“A real politician…never betrays his country to an outsider. He betrays it to himself. He is the enemy within.” Guy Endore, ‘The Werewolf of Paris.’
The seemingly never-ending stream of national opinion polls in the Spanish media suggest that Pablo Casado has a genuinely good chance of becoming the country’s next prime minister. His Partido Popular (PP) has made up ground on the Socialists in recent months and, with a surging Vox, the two main parties on the right would have more seats in parliament than the two leftist parties currently governing in coalition.
It should be cause for celebration for the conservative leader. And yet, all is not well.
On taking the reins of the PP in 2018 Casado was a new young broom, untarnished by the corruption of his elders in the party and a far cry from the meme-spawning equivocation of his bland predecessor, Mariano Rajoy. Juan Carlos Monedero, a co-founder of the left-wing Podemos, even described Casado as “one of the finest speakers in parliament”.
But now, just over three years on, he is something else: an angry yet unconvincing figure, not entirely sure of who he is.
Few except his closest allies would echo Monedero’s complimentary words right now. The early months of the pandemic, when Casado waged a fiercely unstatesmanlike campaign to destabilise the coalition government, are now far in the past. But more recently he has risked becoming a figure of fun, in great part due to his outré public utterances: attacking solar energy because the sun doesn’t shine at night, or recommending that vegans and other upstarts should “go out one day with a shepherd so he can show them how to eat healthily.”
Casado’s eccentric style then took a more aggressive line, as he asked Pedro Sánchez in congress: “What the f**k has to happen for you to accept some responsibility?” (a variation on a phrase Sánchez himself once used during the dog days of his own stint in opposition).
All of this compounds the notion of Casado as a man in a panic. There are two obvious reasons for him to be in this state and both, curiously, are on the right of the political spectrum. Isabel Díaz Ayuso, Madrid’s regional premier, has become his main nemesis having taken a very different journey over the last 18 months. Before the pandemic, she was rarely taken seriously, even by her own PP voters. Having been hand-picked by Casado himself, she was simply a holding figure who seemed out of her depth as she made odd gaffes of her own. The idea of her one day leading the national party, let alone the country, was a little like those fanciful celluloid imaginings in which a well-known face fills a position of great responsibility: Sergio Ramos as chairman of the Bank of Spain; Belén Esteban head coach of the national football team; Díaz Ayuso as prime minister…You get the idea.
And yet, a one-word slogan to counter the strictures of the pandemic – “Freedom” – has converted Díaz Ayuso into an electoral phenomenon and a national figure whose ambition and success torment Casado. To make things worse for him, she recently earned the ultimate accolade in Spain: a flattering article in a foreign newspaper.
Further right lies his other problem: Vox. The far-right party’s rise has coincided almost exactly with his own tenure as PP leader (you can’t help but wonder: how would Rajoy have dealt with that challenge?). And Casado’s confusion has been on display throughout, unsure whether to harvest the substantial moderate furrow to the right of the Socialists – which has grown since the dramatic decline of Ciudadanos – or rip off his shirt and go toe-to-toe with Vox’s Santiago Abascal over the far-right vote.

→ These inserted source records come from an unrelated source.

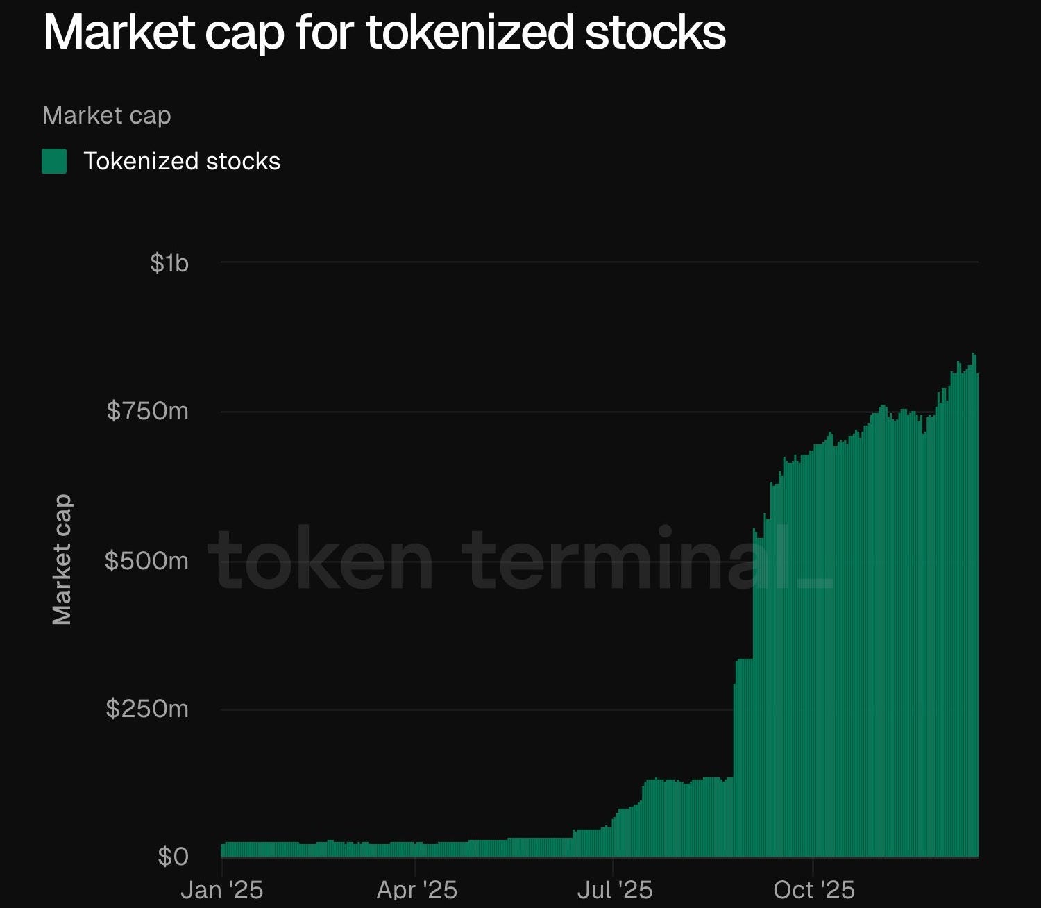 虽然早期的 RWA 工作重点是美国国债,但 2025 年,代币化股票成为主要的零售和机构桥梁。代币化股票允许非美国投资者以最小的摩擦获得美国股票收益。代币化股票的市值从年初开始经历了令人难以置信的 30 倍增长。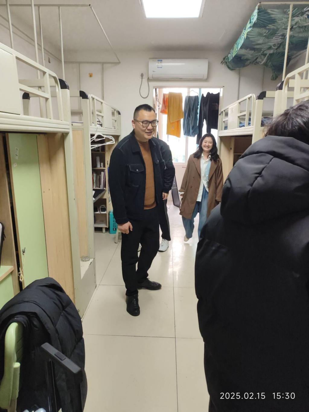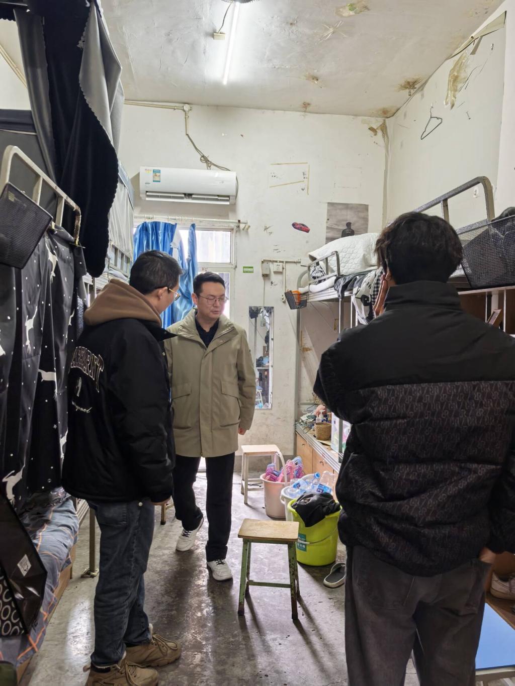 赵渊带队深入滨江校区男女生宿舍,重点检查宿舍的门窗、床铺、柜子等设备的使用情况,逐一排查违规电器使用、私拉电线等问题,并督促整改卫生死角。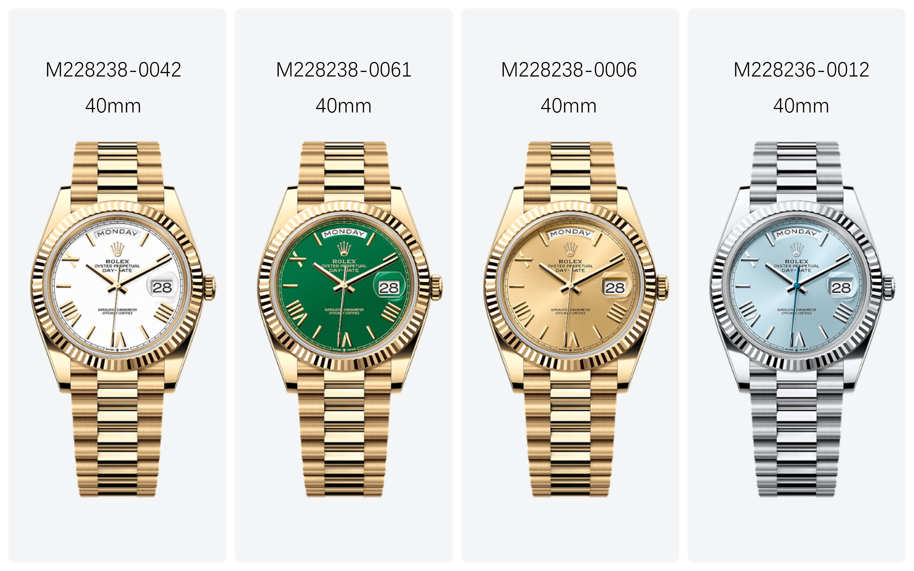 The Rolex fluted bezel is a mark of distinction. Originally, the fluting of the Oyster bezel had a functional purpose: it served to screw the bezel onto the case helping to ensure the waterproofness of the watch. It was therefore identical to the fluting on the case back, which was also screwed onto the case for waterproofness, using specific Rolex tools. Over time, the fluting became an aesthetic element, a genuine Rolex signature feature. Today the fluted bezel is a mark of distinction, in gold on this Day-Date 40.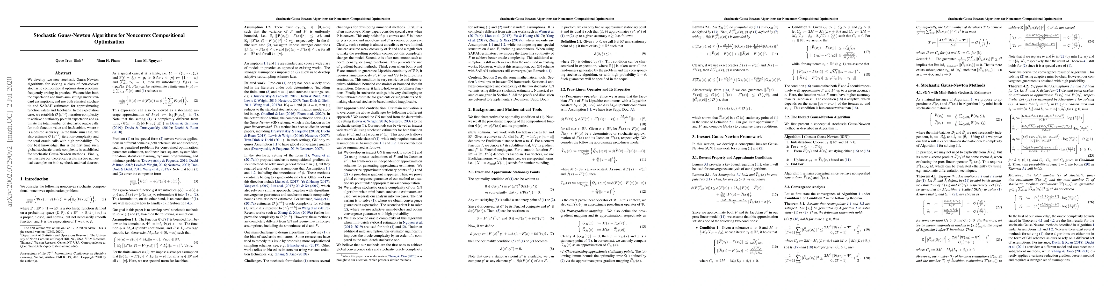This paper introduces two novel stochastic Gauss-Newton algorithms for nonconvex compositional optimization problems, providing $\mathcal{O}(\varepsilon^{-2})$ iteration-complexity for both expectation and finite-sum settings. Theoretical results are validated through numerical examples on synthetic and real datasets.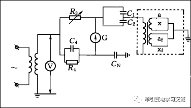 一般采用末端屏蔽法,末端屏蔽法可以分别测量一次绕组对二次绕组(ax)、三次绕组(aDxD)的tan及测量绝缘支架的tan。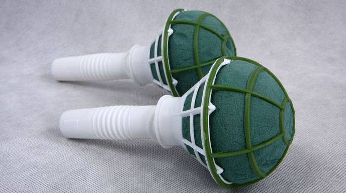 - Для этого внутрь ее сетки уложите специальную прокладку («оазис»), напитанную водой – углубленные в нее цветы продержатся дольше. Верхнюю часть портбукетницы скрепите с нижней частью проволокой. Нижнюю часть обмотайте двухсторонним скотчем, завуалируйте листьями аспидистра.

In late 2020, Casado performed what appeared to many to be a move to the centre by making a clean break with Vox. Denouncing their policies in what was a carefully prepared speech in congress, he called for tolerance for people, “whatever the colour of their skin, whichever god they pray to, whichever person they love, whatever language they speak.” All good centre-ground stuff. “We don’t like you,” he told Abascal, just to make sure.
And yet, it turned out to be just another temporary swing towards the middle. Here we are, a year later, with Casado swearing in congress, trolling solar power and generally looking as belligerent as he ever has, with his party showing no signs of having broken ties with Vox in any meaningful way. It is the latest stylistic U-turn by a werewolf-politician who is constantly shifting shape between moderate human and far-right beast.
The great irony of all this is that until now, internal bickering had been the speciality of the Spanish left, while the very broad church that was the right somehow managed to get along. Now, the left is just about managing to work together, against the odds, while an electorally resurgent right is looking about as united as a school parents’ association.
Casado’s curse, it seems, is that he still looks like an opposition leader rather than a prime minister-in-waiting. Sánchez had much the same problem until 2018 when, after getting into power through a parliamentary manoeuvre, his polls suddenly shot up purely on the strength of the fact that he now looked like a PM. The glass ceiling of public imagination had been shattered.
“If Casado ever gets into [PM’s residence] La Moncloa, those who are making fun of him and calling for him to be replaced might even say he is charismatic,” noted Pilar Gómez, of El Confidencial.
That may well be true. He’s got to get there first, though.
Good to see you back and on top form, Guy. Last article I saw was Nov 3. Hope I haven’t missed any.
Thank you, Colin. I’ve done plenty of other stuff since then, although not on the blog – no time!